Marine Debris

Quarterly Lumber Survey

Large Debris survey teams document characteristics for each debris item they encounter on a survey, with one exception: lumber.

Pieces of processed wood can be both abundant and persistent on many COASST beaches, so survey teams are only asked to record characteristics of these items once per quarter. It would take too long to record them every time!

This post explores lumber on COASST surveys.

Large marine debris object (possible ID: dock) washed up next to an accumulation of driftwood in the wood zone.

Lumber or Driftwood? – let’s talk definitions

COASST defines marine debris as persistent solid material that has been manufactured or dramatically altered by human hands. This definition can feel a little blurry when we think about items that are crafted by humans, but are constructed out of natural materials like wood or cotton. For example, we wouldn’t consider a tuft of hair from a sheep on our debris surveys, but once that wool is combed, dyed, and woven into a sock – debris it is!

The same idea applies to wood. Common examples of debris made of wood (which we call lumber) include ‘dimensionalized’ boards (cut to size like 2×4, 2×6, 4×4), plywood, pressure treated wood, telephone poles, beams with bolts or nails, creosote treated logs and wooden pilings.

Firewood is not marine debris because it hasn’t been processed enough by chopping and burning. Let’s compare it to another item: if we carried an orange peel to the beach, cut it into segments, and then burned those peels…we wouldn’t call those peels marine debris either!
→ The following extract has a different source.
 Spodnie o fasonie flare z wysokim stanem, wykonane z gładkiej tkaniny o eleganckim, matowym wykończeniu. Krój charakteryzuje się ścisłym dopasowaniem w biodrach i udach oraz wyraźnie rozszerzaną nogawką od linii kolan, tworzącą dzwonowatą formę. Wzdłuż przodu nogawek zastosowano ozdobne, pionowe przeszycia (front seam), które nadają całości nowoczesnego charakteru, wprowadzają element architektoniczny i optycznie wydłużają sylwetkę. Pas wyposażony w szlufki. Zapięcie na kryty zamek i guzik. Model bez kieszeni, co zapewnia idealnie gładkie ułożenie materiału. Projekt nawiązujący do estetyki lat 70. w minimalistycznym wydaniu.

Driftwood is not marine debris because the color change and bark stripping that take place on the beach are due to weathering and exposure to the elements, rather than human intervention.
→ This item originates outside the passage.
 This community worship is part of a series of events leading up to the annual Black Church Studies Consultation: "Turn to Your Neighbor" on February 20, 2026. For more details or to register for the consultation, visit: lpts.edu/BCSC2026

So what does driftwood look like?

Does it look like an old tree? Don’t count it on your survey!

Top lumber survey FAQs:

What can be tallied? On a lumber survey we ask that you separate the types of lumber into their dimensionalized categories (2×4, 2×6, 4×4, etc.) though we allow varying lengths to be tallied together. Simply measure the length of the first item you tally!

If you start needing to customize any characteristics (different weathering, some boards have nails or attachments) this means that the items should be recorded on different lines – not tallyable.

Items made of multiple pieces of lumber that are bolted together with otherwise identical characteristics can be tallied together
Tallyable 2×8 boards – both have nails in them. (If only one had nails these would go on separate lines of data!)

Check out our blog on tallying for more examples!

What needs to be measured? Each line for a large debris item needs to have a Length, Height, and Width recorded.

The lengths of tallied items can vary slightly, as long as they otherwise have the same characteristics. Only record the dimensions of the first tallied item.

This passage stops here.